The situp has largely been supplanted by the crunch in recent years. Most people performed the situp to work the muscles of the abdomen — and the crunch more effectively isolates those muscles. So for bodybuilders, eight-time Mr. Olympia Arnold Schwarzenegger recommends crunches over situps in "The New Encyclopedia of Modern Bodybuilding." However, many athletes who require not only abdominal strength but hip strength still perform situps. Find out exactly which muscles situps use to decide if it's the best exercise for you.
The rectus abdominis is the wall of abdominal muscle that connects to the lower rib cage and to the hips. When built up so that it bulges against its crossing tendons, it creates the six-pack effect. Its purpose is to tilt the rib cage and the pelvis toward each other. Like all abdominal exercises, the situp should be performed with the back at least slightly rounded at all times to protect the spine. This contraction works the rectus abdominis.
The external obliques also attach to the rib cage and the pelvis, but to either side of the rectus abdominis. They are the primary muscles for twisting the body back and forth and for tilting the rib cage from side to side. When contracted simultaneously, however, they aid the rectus abdominis in crunching the rib cage directly toward the pelvis, such as occurs during a situp.
Tensor Fasciae Latae
This is where the situp begins to differentiate itself from the crunch. The tensor fasciae latae attaches high up on the hips and to the upper front of the femur. Their function is to bend the body at the hips. Usually this is to lift the thigh, toward the torso, but in the case of situps, it's to lift the body toward the thighs.
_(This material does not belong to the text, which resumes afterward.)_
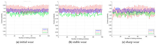 The simulated data of 800 points are compared with the experimental data by means of a data sliding window, whose step size is set to 800, and the values of cosine similarity are recorded once for each sliding window. Figure 9 shows the cosine similarity of simulated data and experimental data in the Z direction, which can be seen to reflect high similarity, thus reflecting the validity of the simulated data.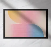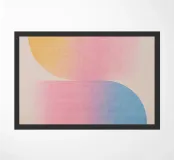 Twee halfronde vormen verbonden door zachte kleurverlopen in roze, geel en lichtblauw - dit minimalistische kunstwerk straalt lichtheid, harmonie en rust uit. Ideaal voor lichte, moderne kamers, kinderkamers of Scandinavisch geïnspireerde interieurs. De zachte pastelkleuren brengen warmte en balans in elk wandontwerp.

Proportionately, they are very weak compared to their antagonist muscles, the gluteus maximus, which are some of the largest and strongest muscles in the body. This is one good reason to work them with situps.
The rectus femoris is one of the four heads of the quadriceps, the large muscles of the front of the thigh. All four heads of the quadriceps attach to the patella, or knee cap. Their primary function is to straighten the leg at the knee. While the other three heads of the quadriceps attach to the upper femur, the rectus femoris crosses the hips, attaching to the pelvis. There, it aids the tensor fasciae latae in flexing the hips.